When we researched Osvaldo's sheet music subsequent to “Recuerdo” we found a curiosity. In all them it is said that the composer is the same one as in “Recuerdo”. But in the tango “Ausencia [c]” of 1931 the same composer is mentioned but the name A. Pugliese is added.

On the many occasions that maestro Pugliese was asked about this issue, he narrated how he had been developing its melody while traveling on the streetcar. He told us that this number was much liked at home. He explained the reason for its title; at the beginning it was “Recuerdo para mis amigos” (Memory for my friends), which he later shortened when it was published, adding the subtitle “A mis amigos”, as homage to the boys who used to meet at the café called La Cueva del Chancho (The Pig's Cave) or De la chancha (The Sow's), as it was named by the boys. And what was said above, that he gave it to his father to help him.

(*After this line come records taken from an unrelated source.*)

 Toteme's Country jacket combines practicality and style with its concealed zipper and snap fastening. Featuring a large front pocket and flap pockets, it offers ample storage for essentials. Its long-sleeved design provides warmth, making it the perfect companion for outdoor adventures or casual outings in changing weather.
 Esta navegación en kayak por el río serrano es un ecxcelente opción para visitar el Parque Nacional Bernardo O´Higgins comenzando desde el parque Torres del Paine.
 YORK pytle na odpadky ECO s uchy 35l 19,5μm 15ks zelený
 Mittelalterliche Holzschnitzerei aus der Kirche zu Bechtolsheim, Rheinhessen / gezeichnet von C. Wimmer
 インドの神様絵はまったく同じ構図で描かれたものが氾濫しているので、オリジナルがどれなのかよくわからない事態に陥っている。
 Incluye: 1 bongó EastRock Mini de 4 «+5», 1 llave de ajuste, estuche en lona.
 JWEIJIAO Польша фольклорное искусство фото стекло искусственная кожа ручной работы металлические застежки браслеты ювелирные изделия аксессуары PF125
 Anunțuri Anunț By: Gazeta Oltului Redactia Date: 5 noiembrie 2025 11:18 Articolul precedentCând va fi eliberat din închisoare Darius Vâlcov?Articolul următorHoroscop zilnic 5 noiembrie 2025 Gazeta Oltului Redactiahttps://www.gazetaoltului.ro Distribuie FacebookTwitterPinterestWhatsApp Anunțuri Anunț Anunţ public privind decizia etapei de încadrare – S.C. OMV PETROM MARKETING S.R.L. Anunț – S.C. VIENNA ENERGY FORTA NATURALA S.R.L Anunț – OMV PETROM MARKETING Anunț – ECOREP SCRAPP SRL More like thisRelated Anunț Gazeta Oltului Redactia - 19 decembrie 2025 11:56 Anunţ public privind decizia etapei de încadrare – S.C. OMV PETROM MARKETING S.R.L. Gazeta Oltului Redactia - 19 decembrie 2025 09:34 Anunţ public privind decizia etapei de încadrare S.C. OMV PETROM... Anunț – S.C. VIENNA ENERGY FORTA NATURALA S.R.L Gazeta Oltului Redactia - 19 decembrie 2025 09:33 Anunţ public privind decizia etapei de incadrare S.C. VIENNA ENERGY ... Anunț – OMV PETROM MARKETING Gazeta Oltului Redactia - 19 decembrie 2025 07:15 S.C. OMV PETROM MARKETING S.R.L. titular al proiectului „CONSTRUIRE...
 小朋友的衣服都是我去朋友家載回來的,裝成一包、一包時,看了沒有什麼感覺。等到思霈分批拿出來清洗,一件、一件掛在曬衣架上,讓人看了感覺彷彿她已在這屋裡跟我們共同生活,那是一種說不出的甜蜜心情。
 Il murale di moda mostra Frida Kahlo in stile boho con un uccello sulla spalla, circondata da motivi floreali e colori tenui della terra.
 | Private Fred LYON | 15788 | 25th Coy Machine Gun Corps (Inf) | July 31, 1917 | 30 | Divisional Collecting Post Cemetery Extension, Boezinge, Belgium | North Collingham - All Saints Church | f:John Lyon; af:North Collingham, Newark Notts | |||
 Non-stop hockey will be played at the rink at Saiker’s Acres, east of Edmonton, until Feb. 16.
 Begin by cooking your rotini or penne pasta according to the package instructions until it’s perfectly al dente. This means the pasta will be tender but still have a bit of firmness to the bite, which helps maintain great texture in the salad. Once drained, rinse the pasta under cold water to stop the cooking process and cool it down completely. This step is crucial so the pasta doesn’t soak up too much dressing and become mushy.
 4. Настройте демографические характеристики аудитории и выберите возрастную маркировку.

Finally, I decided to write this note without the least intention of tarnishing the immense talent of the maestro and, paraphrasing Sierra, in absolute good faith. And because I think it's important to clarify the issues connected to the vicissitudes of «flesh and bone» men, omitting a false sense of respect, banalities, and hypocrisy. And furthermore because Osvaldo Pugliese's grandeur is not impaired by the search of a true fact that, were it be confirmed, would turn out less important in comparison with his extraordinary career as musician, leader and composer.